174	   As would be expected, in such deployments reliability is critical.
175	   The network must be designed with no single point of failure and in
176	   such a way that it can respond in a deterministic manner to failure.
177	   Typically, redundant servers (in a primary/backup or live-live mode)
178	   send multicast streams into the network, with diverse paths being
179	   used across the network.  The stock exchange generating the one-to-
180	   many traffic and stock analysts/brokerage that receive the traffic
181	   will typically have their own data centers.  Therefore, the manner in
182	   which one-to-many traffic patterns are handled in these data centers
183	   are extremely important, especially given the requirements and
184	   constraints mentioned.

186	   Another reason for the growing volume of one-to-many traffic patterns
187	   in modern data centers is the increasing adoption of streaming
188	   telemetry.  This transition is motivated by the observation that
189	   traditional poll-based approaches for monitoring network devices are
190	   usually inadequate in modern data centers.  These approaches
191	   typically suffer from poor scalability, extensibility and
192	   responsiveness.  In contrast, in streaming telemetry, network devices
193	   in the data center stream highly-granular real-time updates to a
194	   telemetry collector/database.  This collector then collates,
195	   normalizes and encodes this data for convenient consumption by
196	   monitoring applications.  The montoring applications can subscribe to
197	   the notifications of interest, allowing them to gain insight into
198	   pertinent state and performance metrics.  Thus, the traffic flows
199	   associated with streaming telemetry are typically many-to-one between
200	   the network devices and the telemetry collector and then one-to-many
201	   from the collector to the monitoring applications.

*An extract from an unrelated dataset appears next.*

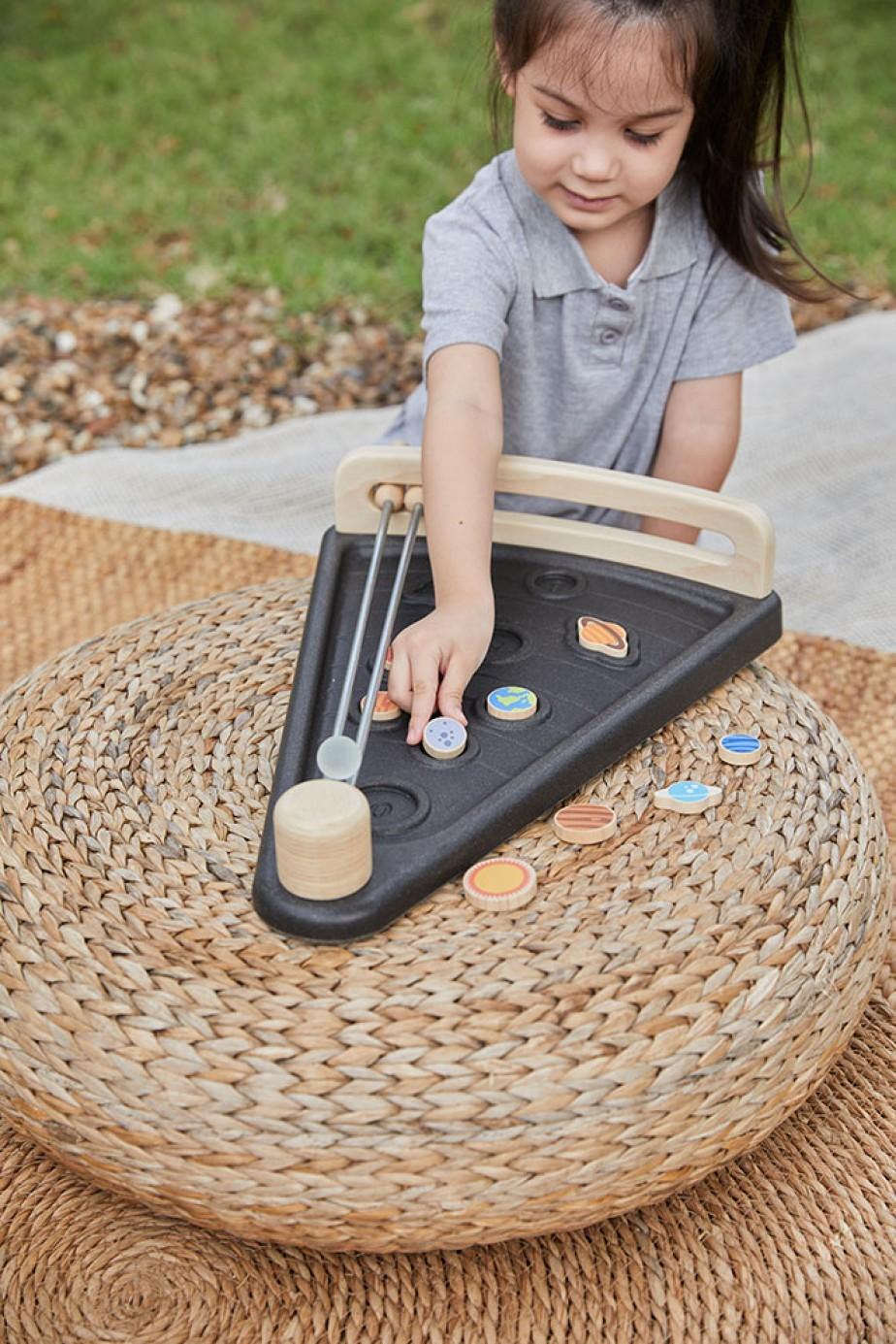 Μάθετε για τη βαρύτητα με το παιχνίδι της εταιρείας Plan Toys. Σκοπός του παιχνιδιού είναι ο παίκτης που ελέγχει τη μπίλια που βρίσκεται κατά μήκος των χαλύβδινων ράβδων, να αφήσει τη μπίλια, ανοίγοντας και κλείνοντας τις ράβδους, να πέσει στο σωστό σημείο. Ακόμη, η ταχύτητα τις μπίλιας μπορεί να ρυθμιστεί ανάλογα με το πλάτος των σιδηροτροχιών. Τα παιδιά μπορούν να μάθουν τον προγραμματισμό, την αιτία και το αποτέλεσμα και τις δεξιότητες επίλυσης προβλημάτων. Μπορείτε επίσης να χρησιμοποιήσετε τον πίνακα ως ταιριαστό παιχνίδι παζλ τοποθετώντας τα διαφορετικά κομμάτια πλανήτη στα σωστά σημεία. Κάθε κομμάτι έχει έναν αριθμό στην άλλη πλευρά ως σημείο. Αυτό το σετ περιλαμβάνει μια μπίλια, και μια σανίδα ηλιακού συστήματος που αποτελείται από τον Ήλιο και ό,τι συνδέεται με αυτόν από τη βαρύτητα – τους πλανήτες Ερμή, Αφροδίτη, Γη, Άρη, Δία, Κρόνο, Ουρανό και Ποσειδώνα. Κατασκευάζεται βιώσιμα στην Ταϊλάνδη χρησιμοποιώντας καουτσούκ χωρίς χημικά, κόλλα χωρίς φορμαλδεΰδη, οργανικές χρωστικές ουσίες και βαφές με βάση το νερό. Κατάλληλο από 3 ετών και άνω. Διαστάσεις συσκευασίας: 57 x 7,5 x 38 εκ.

203	   The use of publish and subscribe applications is growing within data
204	   centers, contributing to the rising volume of one-to-many traffic
205	   flows.  Such applications are attractive as they provide a robust
206	   low-latency asynchronous messaging service, allowing senders to be
207	   decoupled from receivers.  The usual approach is for a publisher to
208	   create and transmit a message to a specific topic.  The publish and
209	   subscribe application will retain the message and ensure it is
210	   delivered to all subscribers to that topic.  The flexibility in the
211	   number of publishers and subscribers to a specific topic means such
212	   applications cater for one-to-one, one-to-many and many-to-one
213	   traffic patterns.

215	2.2.  Overlays

217	   Another key contributor to the rise in one-to-many traffic patterns
218	   is the proposed architecture for supporting large-scale multi-tenancy
219	   in highly virtualized data centers [RFC8014].  In this architecture,
220	   a tenant's VMs are distributed across the data center and are
221	   connected by a virtual network known as the overlay network.  A
222	   number of different technologies have been proposed for realizing the
223	   overlay network, including VXLAN [RFC7348], VXLAN-GPE [I-D.ietf-nvo3-
224	   vxlan-gpe], NVGRE [RFC7637] and GENEVE [I-D.ietf-nvo3-geneve].  The
225	   often fervent and arguably partisan debate about the relative merits
226	   of these overlay technologies belies the fact that, conceptually, it
227	   may be said that these overlays mainly simply provide a means to
228	   encapsulate and tunnel Ethernet frames from the VMs over the data
229	   center IP fabric, thus emulating a Layer 2 segment between the VMs.
230	   Consequently, the VMs believe and behave as if they are connected to
231	   the tenant's other VMs by a conventional Layer 2 segment, regardless
232	   of their physical location within the data center.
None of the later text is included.